Prove that \[\dfrac{{\cos A - \sin A + 1}}{{\cos A + \sin A - 1}} = \csc A + \cot A\]?

Answer 1

Hint: We take LHS and simplify it to get RHS. We divide the numerator and the denominator by Sine function. We know that cotangent is the ratio of cosine to sine function and using the relation between cosine and cotangent we can solve this.

Complete step by step solution:
Given
\[\dfrac{{\cos A - \sin A + 1}}{{\cos A + \sin A - 1}} = \csc A + \cot A\]
Now take
\[LHS = \dfrac{{\cos A - \sin A + 1}}{{\cos A + \sin A - 1}}\] and \[RHS = \csc A + \cot A\].
Now take LHS,
\[LHS = \dfrac{{\cos A - \sin A + 1}}{{\cos A + \sin A - 1}}\]
Now divide the numerator and denominator by \[\sin A\]
\[LHS = \dfrac{{\left( {\dfrac{{\cos A - \sin A + 1}}{{\sin A}}} \right)}}{{\left( {\dfrac{{\cos A + \sin A - 1}}{{\sin A}}} \right)}}\]
\[LHS = \dfrac{{\left( {\dfrac{{\cos A}}{{\sin A}} - \dfrac{{\sin A}}{{\sin A}} + \dfrac{1}{{\sin A}}} \right)}}{{\left( {\dfrac{{\cos A}}{{\sin A}} + \dfrac{{\sin A}}{{\sin A}} - \dfrac{1}{{\sin A}}} \right)}}\]
\[LHS = \dfrac{{\left( {\dfrac{{\cos A}}{{\sin A}} - 1 + \dfrac{1}{{\sin A}}} \right)}}{{\left( {\dfrac{{\cos A}}{{\sin A}} + 1 - \dfrac{1}{{\sin A}}} \right)}}\]
We know \[\dfrac{{\cos A}}{{\sin A}} = \cot A\] and \[\dfrac{1}{{\sin A}} = \csc A\]then we have,
\[LHS = \dfrac{{\cot A - 1 + \csc A}}{{\cot A + 1 - \csc A}}\]

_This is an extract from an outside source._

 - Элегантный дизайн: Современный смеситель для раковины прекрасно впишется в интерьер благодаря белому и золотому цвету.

We know \[{\csc ^2}A - {\cot ^2}A = 1\], applying this in the numerator we have,
\[LHS = \dfrac{{\cot A + \csc A - \left( {{{\csc }^2}A - {{\cot }^2}A} \right)}}{{\cot A + 1 - \csc A}}\]

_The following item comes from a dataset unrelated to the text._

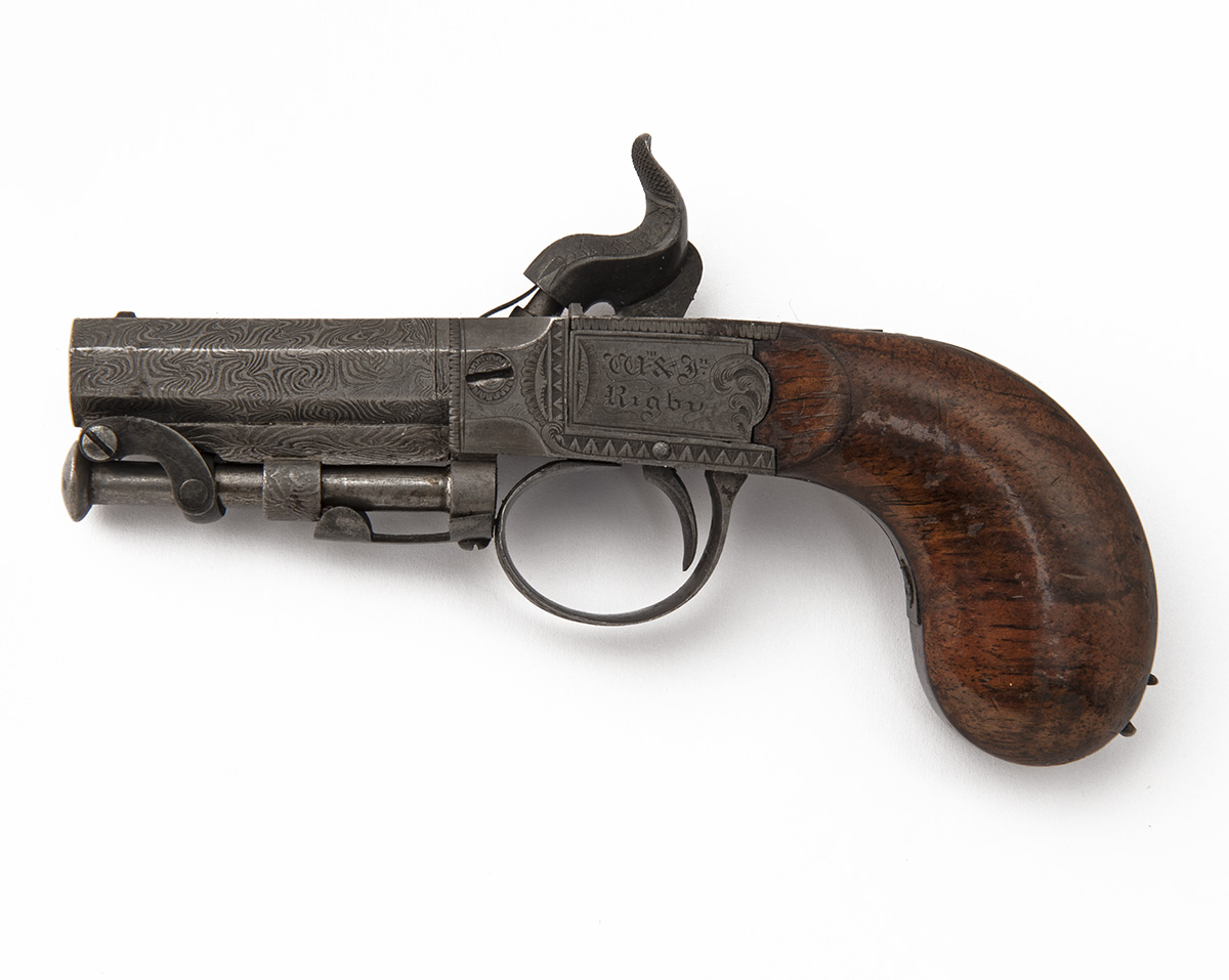 circa 1824, with etched damascus octagonal 2in. barrel, the top-flat with small fore-sight and signed 'DUBLIN', side-mounted nipple-boss with vented platinum plug and spring cap retainer, border and scroll engraved squared boxlock action with en-suite side-hammer, the left side of action signed in a panel 'W & J RIGBY', smooth walnut butt of Irish form, the back-strap hinging upwards to reveal apertures for caps and balls, guarded trigger and captive iron ramrod with concealed worm end

Now applying \[{a^2} - {b^2} = \left( {a - b} \right)\left( {a + b} \right)\] then we have,
\[LHS = \dfrac{{\cot A + \csc A - \left( {\left( {\csc A - \cot A} \right)\left( {\csc A + \cot A} \right)} \right)}}{{\cot A + 1 - \csc A}}\]
Now raking \[\csc A + \cot A\] common we have,
\[LHS = \dfrac{{\left( {\csc A + \cot A} \right)\left( {1 - \left( {\csc A - \cot A} \right)} \right)}}{{\cot A + 1 - \csc A}}\]

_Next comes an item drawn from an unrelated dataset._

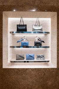 O conceito do design da nova loja do shopping JK Iguatemi baseia-se em curvas retilíneas, com esquema de cores e texturas harmoniosas que vão desde nogueira, veludo e toda uma gama de tonalidades que evocam a sensação calorosa do verão na Toscana. Materiais luxuosos decoram e envolvem a loja – como mármores travertino, etrusco e rosa – trazendo uma variedade de pedras nobres com veios naturais. O mobiliário e a iluminação foram concebidos pela equipe de design sediada na Itália, em colaboração com profissionais locais. A boutique reforça e ilustra as intenções da Ferragamo no Brasil: a necessidade de expandir os valores da marca e a beleza do design italiano – não apenas na moda e no vestuário, mas também na atmosfera e no lifestyle. A Salvatore Ferragamo JK Iguatemi é um espaço curvilíneo, sofisticado, com materiais de alta qualidade, representando o que há de melhor na Maison italiana.

\[LHS = \dfrac{{\left( {\csc A + \cot A} \right)\left( {1 - \csc A + \cot A} \right)}}{{\cot A + 1 - \csc A}}\]
Now cancelling the terms we have,
\[LHS = \csc A + \cot A\]
\[ \Rightarrow LHS = RHS\].
Thus \[\dfrac{{\cos A - \sin A + 1}}{{\cos A + \sin A - 1}} = \csc A + \cot A\]. Hence proved.

Note: Remember A graph is divided into four quadrants, all the trigonometric functions are positive in the first quadrant, all the trigonometric functions are negative in the second quadrant except sine and cosine functions, tangent and cotangent are positive in the third quadrant while all others are negative and similarly all the trigonometric functions are negative in the fourth quadrant except cosine and secant.